**PROBLEM STATEMENT:**
The listing below holds pictures; exclude them. Return exactly the lines from the one with "mehr zu erfahren." through the one with "ヘアミストなのできつすぎず、ふわ~っと優しいフローラルな匂いが漂います🍃 | 詳細を見る | |".

**MATERIAL PROVIDED:**
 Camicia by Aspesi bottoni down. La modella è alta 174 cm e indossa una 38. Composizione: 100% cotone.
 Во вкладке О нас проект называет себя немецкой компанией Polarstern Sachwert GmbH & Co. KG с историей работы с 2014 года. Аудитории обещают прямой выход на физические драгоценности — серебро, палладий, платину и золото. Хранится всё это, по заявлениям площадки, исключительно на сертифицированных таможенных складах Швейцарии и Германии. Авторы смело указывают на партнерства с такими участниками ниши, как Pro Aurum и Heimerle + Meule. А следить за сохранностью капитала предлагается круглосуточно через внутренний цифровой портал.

==

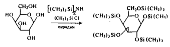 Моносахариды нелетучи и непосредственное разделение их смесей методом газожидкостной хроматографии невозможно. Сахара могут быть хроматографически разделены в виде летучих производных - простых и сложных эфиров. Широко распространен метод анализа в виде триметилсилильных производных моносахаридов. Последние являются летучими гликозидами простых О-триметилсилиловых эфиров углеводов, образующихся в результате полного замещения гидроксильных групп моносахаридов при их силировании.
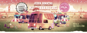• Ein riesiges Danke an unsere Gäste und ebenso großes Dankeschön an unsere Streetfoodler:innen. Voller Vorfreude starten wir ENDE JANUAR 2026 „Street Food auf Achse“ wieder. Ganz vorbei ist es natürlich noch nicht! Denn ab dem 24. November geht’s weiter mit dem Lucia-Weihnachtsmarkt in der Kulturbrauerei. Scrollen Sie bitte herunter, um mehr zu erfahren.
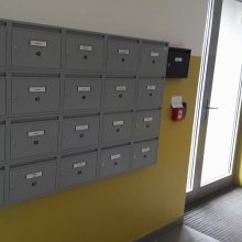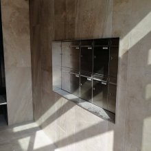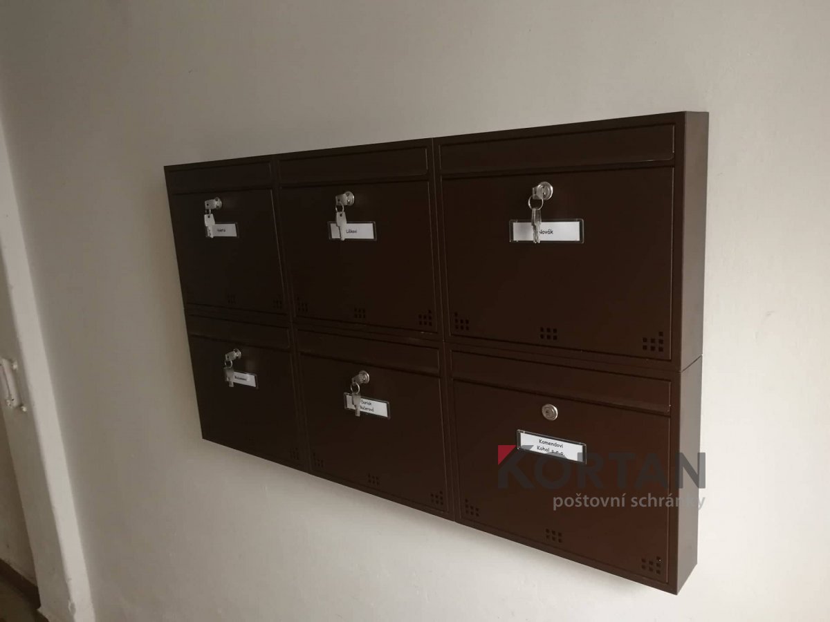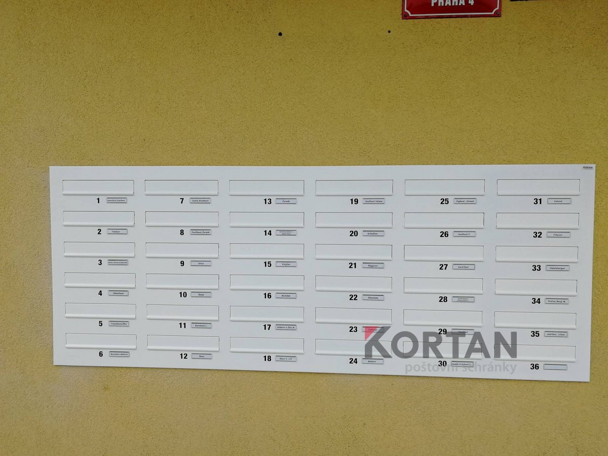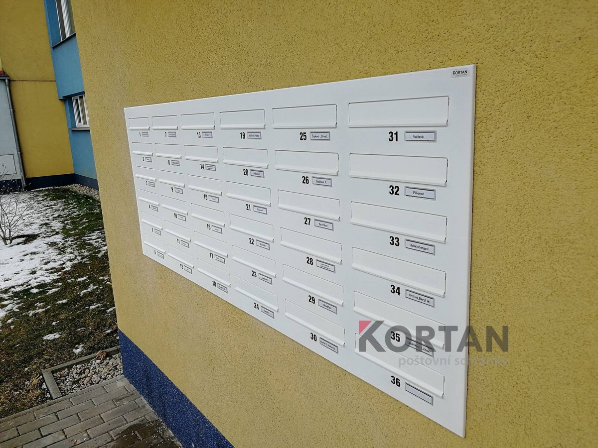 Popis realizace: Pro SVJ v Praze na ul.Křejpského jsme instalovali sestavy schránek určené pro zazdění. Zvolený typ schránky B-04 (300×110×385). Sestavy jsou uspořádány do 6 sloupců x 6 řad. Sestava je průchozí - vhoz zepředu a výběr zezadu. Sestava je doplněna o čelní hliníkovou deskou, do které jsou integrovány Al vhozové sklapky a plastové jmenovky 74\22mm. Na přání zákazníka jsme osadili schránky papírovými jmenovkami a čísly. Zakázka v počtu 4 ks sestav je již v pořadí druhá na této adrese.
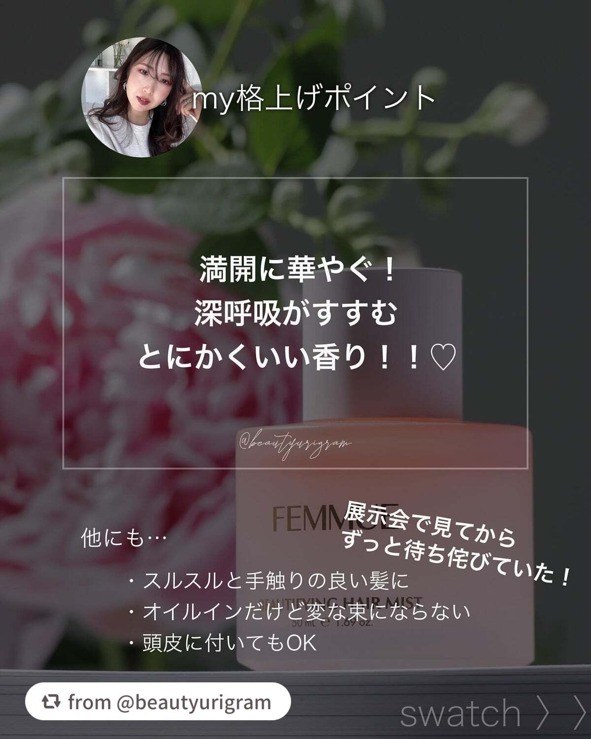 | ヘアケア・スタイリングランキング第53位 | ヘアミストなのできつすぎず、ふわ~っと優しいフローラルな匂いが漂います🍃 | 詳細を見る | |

==

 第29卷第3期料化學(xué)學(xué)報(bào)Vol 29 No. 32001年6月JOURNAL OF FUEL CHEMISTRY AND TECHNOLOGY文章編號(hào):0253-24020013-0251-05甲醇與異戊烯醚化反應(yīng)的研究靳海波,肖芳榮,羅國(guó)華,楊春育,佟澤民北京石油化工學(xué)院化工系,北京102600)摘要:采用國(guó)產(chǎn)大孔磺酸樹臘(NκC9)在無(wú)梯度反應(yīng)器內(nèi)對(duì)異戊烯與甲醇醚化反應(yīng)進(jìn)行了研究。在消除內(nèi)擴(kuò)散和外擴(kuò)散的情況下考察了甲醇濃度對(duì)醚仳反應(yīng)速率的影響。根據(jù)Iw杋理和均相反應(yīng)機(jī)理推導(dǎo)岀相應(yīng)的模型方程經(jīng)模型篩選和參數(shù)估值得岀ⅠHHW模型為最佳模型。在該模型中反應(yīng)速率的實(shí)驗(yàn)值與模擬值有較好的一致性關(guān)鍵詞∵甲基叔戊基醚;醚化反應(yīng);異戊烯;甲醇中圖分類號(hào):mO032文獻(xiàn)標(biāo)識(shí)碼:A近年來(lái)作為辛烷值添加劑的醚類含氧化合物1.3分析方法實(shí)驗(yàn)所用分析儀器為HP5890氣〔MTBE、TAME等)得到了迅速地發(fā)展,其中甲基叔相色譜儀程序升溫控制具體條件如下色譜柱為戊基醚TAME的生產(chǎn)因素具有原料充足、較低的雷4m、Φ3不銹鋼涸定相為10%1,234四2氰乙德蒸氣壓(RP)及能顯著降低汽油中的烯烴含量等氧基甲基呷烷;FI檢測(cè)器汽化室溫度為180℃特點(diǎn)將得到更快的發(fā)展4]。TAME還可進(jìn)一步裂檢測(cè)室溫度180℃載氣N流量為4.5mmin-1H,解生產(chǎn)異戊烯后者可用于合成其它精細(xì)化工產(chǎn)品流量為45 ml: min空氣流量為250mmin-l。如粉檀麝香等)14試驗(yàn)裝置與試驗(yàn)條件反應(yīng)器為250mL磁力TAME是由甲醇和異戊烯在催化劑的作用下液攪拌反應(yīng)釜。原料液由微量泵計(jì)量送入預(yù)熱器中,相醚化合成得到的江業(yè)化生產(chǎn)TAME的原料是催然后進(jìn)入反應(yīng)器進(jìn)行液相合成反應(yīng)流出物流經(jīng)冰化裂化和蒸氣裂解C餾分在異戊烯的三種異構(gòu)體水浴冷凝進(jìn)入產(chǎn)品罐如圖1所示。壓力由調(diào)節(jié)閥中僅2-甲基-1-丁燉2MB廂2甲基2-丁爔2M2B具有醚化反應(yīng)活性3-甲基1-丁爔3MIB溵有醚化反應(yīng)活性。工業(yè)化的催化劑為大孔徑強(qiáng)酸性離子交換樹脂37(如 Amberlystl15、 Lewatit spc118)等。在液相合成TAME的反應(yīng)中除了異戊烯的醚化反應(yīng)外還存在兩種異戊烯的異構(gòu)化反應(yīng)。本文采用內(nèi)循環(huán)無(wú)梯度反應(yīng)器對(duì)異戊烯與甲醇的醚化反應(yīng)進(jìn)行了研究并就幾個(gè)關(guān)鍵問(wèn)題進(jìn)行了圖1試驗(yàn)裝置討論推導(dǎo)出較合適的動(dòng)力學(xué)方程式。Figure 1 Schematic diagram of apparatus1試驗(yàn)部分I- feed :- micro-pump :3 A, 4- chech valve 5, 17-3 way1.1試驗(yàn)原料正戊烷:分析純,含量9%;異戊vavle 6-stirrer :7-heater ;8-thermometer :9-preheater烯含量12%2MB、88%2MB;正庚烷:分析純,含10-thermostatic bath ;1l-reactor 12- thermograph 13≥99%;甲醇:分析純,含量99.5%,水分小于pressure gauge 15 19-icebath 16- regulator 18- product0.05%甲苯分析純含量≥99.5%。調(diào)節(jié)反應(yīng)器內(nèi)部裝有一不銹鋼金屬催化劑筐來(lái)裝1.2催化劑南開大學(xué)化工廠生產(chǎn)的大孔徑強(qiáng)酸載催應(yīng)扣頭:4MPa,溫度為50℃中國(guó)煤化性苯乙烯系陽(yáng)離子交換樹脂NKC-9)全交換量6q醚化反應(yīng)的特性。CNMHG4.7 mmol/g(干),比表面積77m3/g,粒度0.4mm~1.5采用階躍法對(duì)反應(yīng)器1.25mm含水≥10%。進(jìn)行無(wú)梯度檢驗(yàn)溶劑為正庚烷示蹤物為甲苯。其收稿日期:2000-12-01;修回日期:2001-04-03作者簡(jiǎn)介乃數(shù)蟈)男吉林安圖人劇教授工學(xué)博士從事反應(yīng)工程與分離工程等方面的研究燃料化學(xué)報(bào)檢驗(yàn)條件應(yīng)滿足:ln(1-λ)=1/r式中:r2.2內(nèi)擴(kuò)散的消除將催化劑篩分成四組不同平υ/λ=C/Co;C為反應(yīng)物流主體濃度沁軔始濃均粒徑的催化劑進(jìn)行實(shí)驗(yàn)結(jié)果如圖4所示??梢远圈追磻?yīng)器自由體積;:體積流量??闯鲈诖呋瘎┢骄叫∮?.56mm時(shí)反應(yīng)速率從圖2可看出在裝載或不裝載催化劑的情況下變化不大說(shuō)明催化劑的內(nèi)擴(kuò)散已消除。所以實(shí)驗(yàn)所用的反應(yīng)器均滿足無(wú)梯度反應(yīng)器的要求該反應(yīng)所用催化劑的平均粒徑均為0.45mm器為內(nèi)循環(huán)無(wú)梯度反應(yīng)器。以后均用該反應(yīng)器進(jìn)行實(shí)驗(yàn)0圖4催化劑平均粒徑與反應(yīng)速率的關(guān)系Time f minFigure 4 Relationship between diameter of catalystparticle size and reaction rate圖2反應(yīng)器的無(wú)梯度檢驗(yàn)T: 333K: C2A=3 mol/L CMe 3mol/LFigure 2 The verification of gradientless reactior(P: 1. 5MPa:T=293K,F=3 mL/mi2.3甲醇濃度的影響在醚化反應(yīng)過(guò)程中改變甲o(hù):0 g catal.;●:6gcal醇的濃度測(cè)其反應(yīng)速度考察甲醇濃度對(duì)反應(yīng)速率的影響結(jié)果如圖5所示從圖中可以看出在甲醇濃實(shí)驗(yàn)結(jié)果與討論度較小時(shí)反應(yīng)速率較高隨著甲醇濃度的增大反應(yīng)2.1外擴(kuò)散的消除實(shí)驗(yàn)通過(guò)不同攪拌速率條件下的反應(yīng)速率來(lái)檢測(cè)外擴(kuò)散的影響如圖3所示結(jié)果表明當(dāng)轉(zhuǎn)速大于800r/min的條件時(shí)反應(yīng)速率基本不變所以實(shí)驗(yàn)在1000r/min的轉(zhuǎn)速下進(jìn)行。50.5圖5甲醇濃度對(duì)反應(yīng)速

**OUTPUT OF THE EXERCISE:**
• Ein riesiges Danke an unsere Gäste und ebenso großes Dankeschön an unsere Streetfoodler:innen. Voller Vorfreude starten wir ENDE JANUAR 2026 „Street Food auf Achse“ wieder. Ganz vorbei ist es natürlich noch nicht! Denn ab dem 24. November geht’s weiter mit dem Lucia-Weihnachtsmarkt in der Kulturbrauerei. Scrollen Sie bitte herunter, um mehr zu erfahren.
 Popis realizace: Pro SVJ v Praze na ul.Křejpského jsme instalovali sestavy schránek určené pro zazdění. Zvolený typ schránky B-04 (300×110×385). Sestavy jsou uspořádány do 6 sloupců x 6 řad. Sestava je průchozí - vhoz zepředu a výběr zezadu. Sestava je doplněna o čelní hliníkovou deskou, do které jsou integrovány Al vhozové sklapky a plastové jmenovky 74\22mm. Na přání zákazníka jsme osadili schránky papírovými jmenovkami a čísly. Zakázka v počtu 4 ks sestav je již v pořadí druhá na této adrese.
 | ヘアケア・スタイリングランキング第53位 | ヘアミストなのできつすぎず、ふわ~っと優しいフローラルな匂いが漂います🍃 | 詳細を見る | |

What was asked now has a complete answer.